The wherein said position of described corresponding subband in described target audio signal being different from the described selected set corresponding to described a pair selected candidate through de-quantization subband in described position in decoded signal.

15. 1 kinds of methods constructed through decoded audio frame, described method comprises:

Multiple one through decoded sub-band vector is placed according to fundamental frequency value;

Described multiple the rest through decoded sub-band vector is placed according to described fundamental frequency value and harmonic interval value; And

Not inserted through decoded residual signal by described multiple position occupied through decoded sub-band vector at described frame.

16. methods according to claim 15, wherein for described multiple contiguous right through each of decoded sub-band vector, the distance between the center of described vector equals described harmonic interval value.

17. methods according to claim 15, wherein said method comprises the described part corresponding to described multiple possible position through decoded sub-band vector through decoded residual signal of erasing.

18. methods according to claim 15, wherein said insertion comprises through decoded residual signal: not by described multiple position occupied through decoded sub-band vector described in described frame, to insert the described value through decoded residual signal from the described order be worth to the described last value through decoded residual signal through first of decoded residual signal with increasing frequency order.

19. methods according to claim 15, wherein said insertion comprises through decoded residual signal makes a described part through decoded residual signal relative to frequency domain axis bending to be engaged between described multiple neighbor in decoded sub-band vector.

20. 1 kinds of equipment for Audio Signal Processing, described equipment comprises:

For the device of the multiple peak values in position reference sound signal in a frequency domain;

For the device of certain number N f candidate of the fundamental frequency of selected harmonic model, each candidate is based on the position of the corresponding one of multiple peak value described in described frequency domain;

For harmonic-model described at least both the described position calculation based on multiple peak value described in described frequency domain harmonic wave between the device of certain number N d candidate at interval;

For the device of the set of at least one subband of each select target sound signal for multipair different described fundamental frequency and harmonic interval candidate, in wherein said set the position of each subband in described frequency domain based on for candidate pair; And

For calculating the device of the energy value of the described correspondence set of at least one subband from described target audio signal for each of described multipair different candidate; And

For selecting the device of a pair candidate from described multipair different candidate based at least multiple described calculated energy value,

21. equipment according to claim 20, wherein said target audio signal is described reference audio signal.
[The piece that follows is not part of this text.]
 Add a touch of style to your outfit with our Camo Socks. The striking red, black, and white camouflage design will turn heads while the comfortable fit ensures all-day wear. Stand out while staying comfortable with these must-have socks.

22. equipment according to claim 20, wherein said reference audio signal represents the first frequency scope of sound signal, and

23. equipment according to claim 22, wherein said equipment comprises the device for being mapped to by described number N f fundamental frequency candidate in described second frequency scope.

24. equipment according to claim 20, wherein said equipment comprises the device for performing the operation of gain shape vector quantization to the described set of at least one subband indicated by a pair selected candidate.
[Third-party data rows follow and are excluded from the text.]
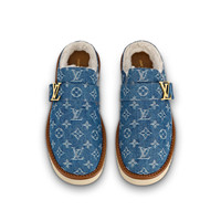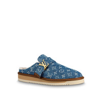 The LV Cozy Mule in Monogram denim was inspired by the collaboration between Louis Vuitton Artistic Director Virgil Abloh and Japanese streetwear designer Nigo. This version in blue Monogram denim comes with a snug shearling lining. It is finished with an extremely comfortable, lightweight micro and rubber outsole. Detailed Features - Navy Blue - Monogram denim - Shearling lining - Ultra-light micro and rubber outsole - Louis Vuitton-engraved buckle - Made in Italy
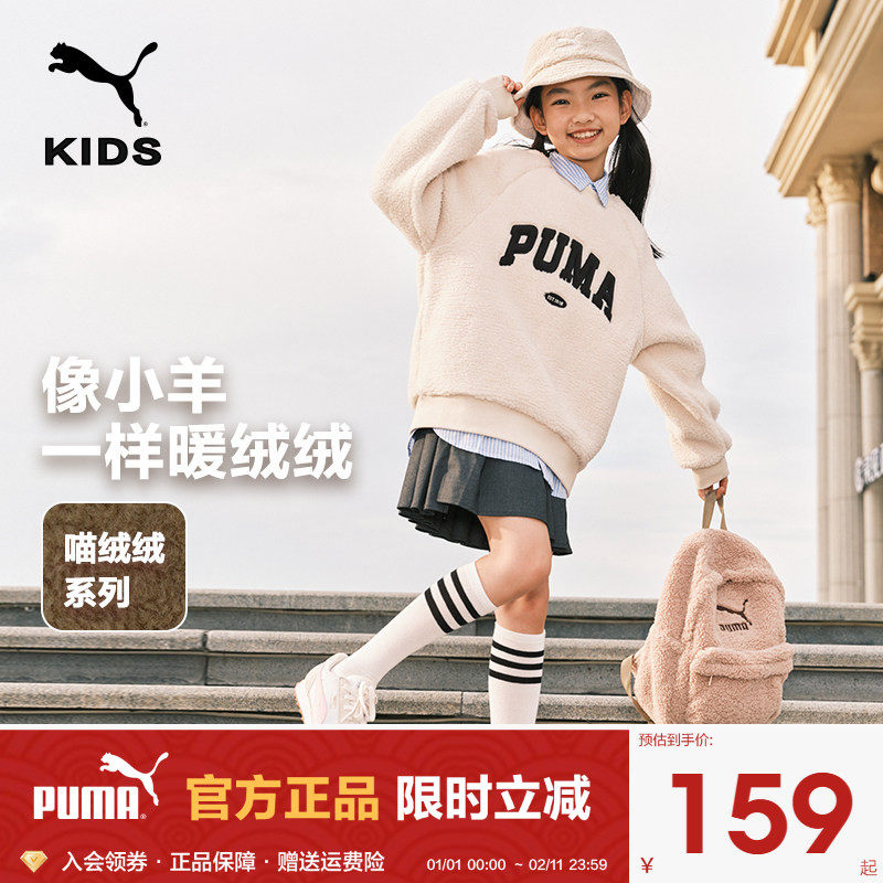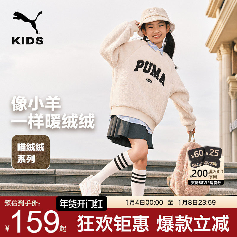 PUMA彪马男女童羊羔绒卫衣秋冬新款中大儿童加厚时尚上衣休闲套头
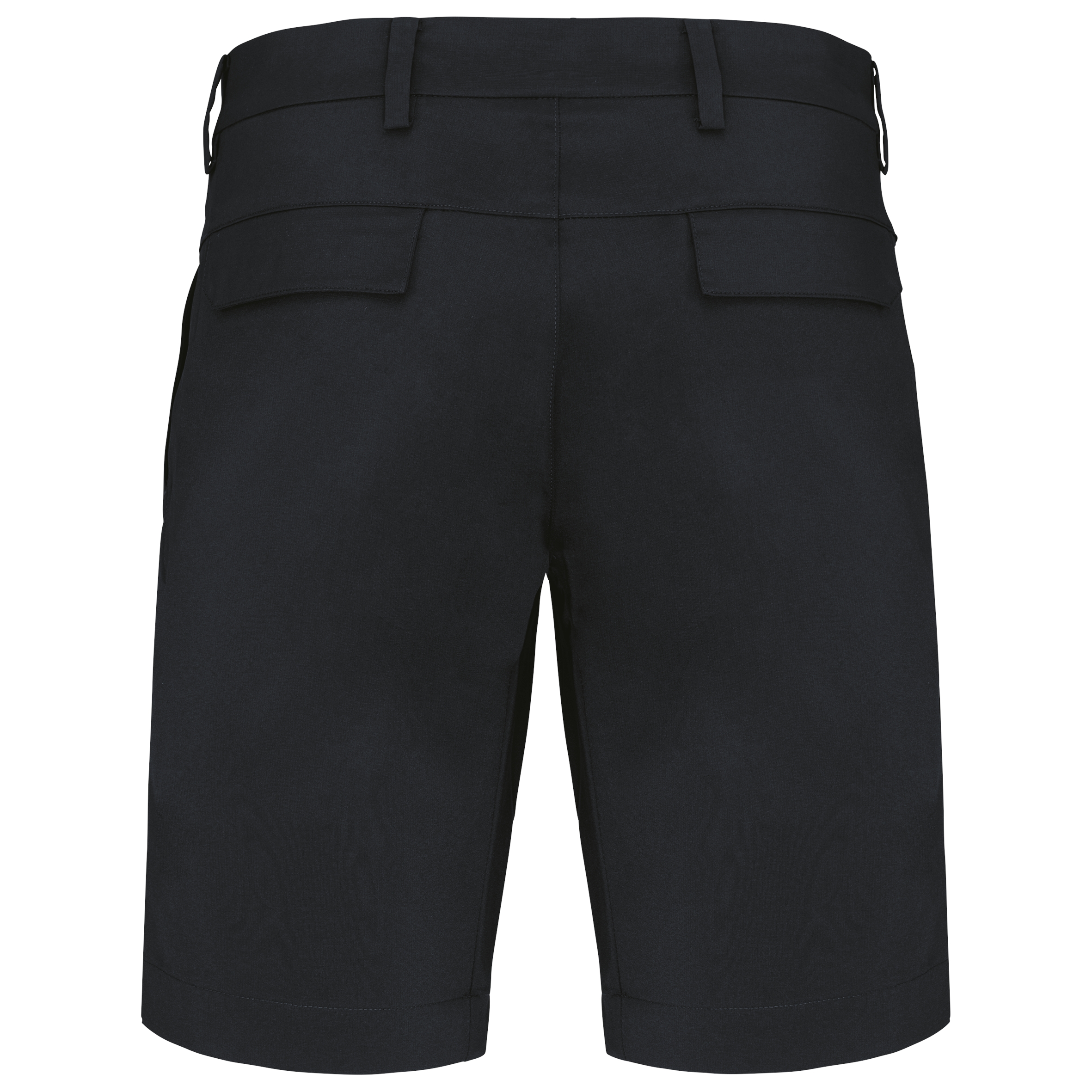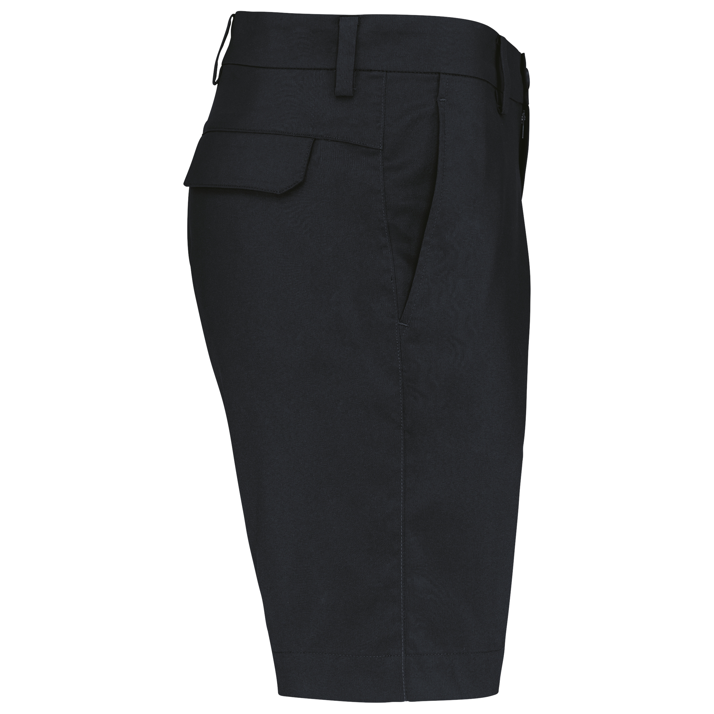 96% polyester / 4% elasthan. Waterafstotende soepele stof voor een optimaal comfort. Getailleerde snit. Riemlussen. 2 diepe zijzakken en 2 achterzakken met klep.

25. equipment according to claim 20, the device of the wherein said set for selecting at least one subband is configured to the set selecting subband for each of described multipair different candidate, and

The wherein said device comprising the average energy for calculating every subband for the device calculated from the energy value of described corresponding subband set.
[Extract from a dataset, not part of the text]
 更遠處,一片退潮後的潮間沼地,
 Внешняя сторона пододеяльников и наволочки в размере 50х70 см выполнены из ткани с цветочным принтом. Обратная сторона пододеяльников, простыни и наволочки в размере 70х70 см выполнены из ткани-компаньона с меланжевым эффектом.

26. equipment according to claim 20, the wherein said device comprising the gross energy that the described set for calculating at least one subband is captured for the device calculated from the energy value of described corresponding subband set.

27. equipment according to claim 20, wherein said target audio signal is based on linear prediction decoding residual error.

28. equipment according to claim 20, wherein said target audio signal is multiple through amendment discrete cosine transform coefficient.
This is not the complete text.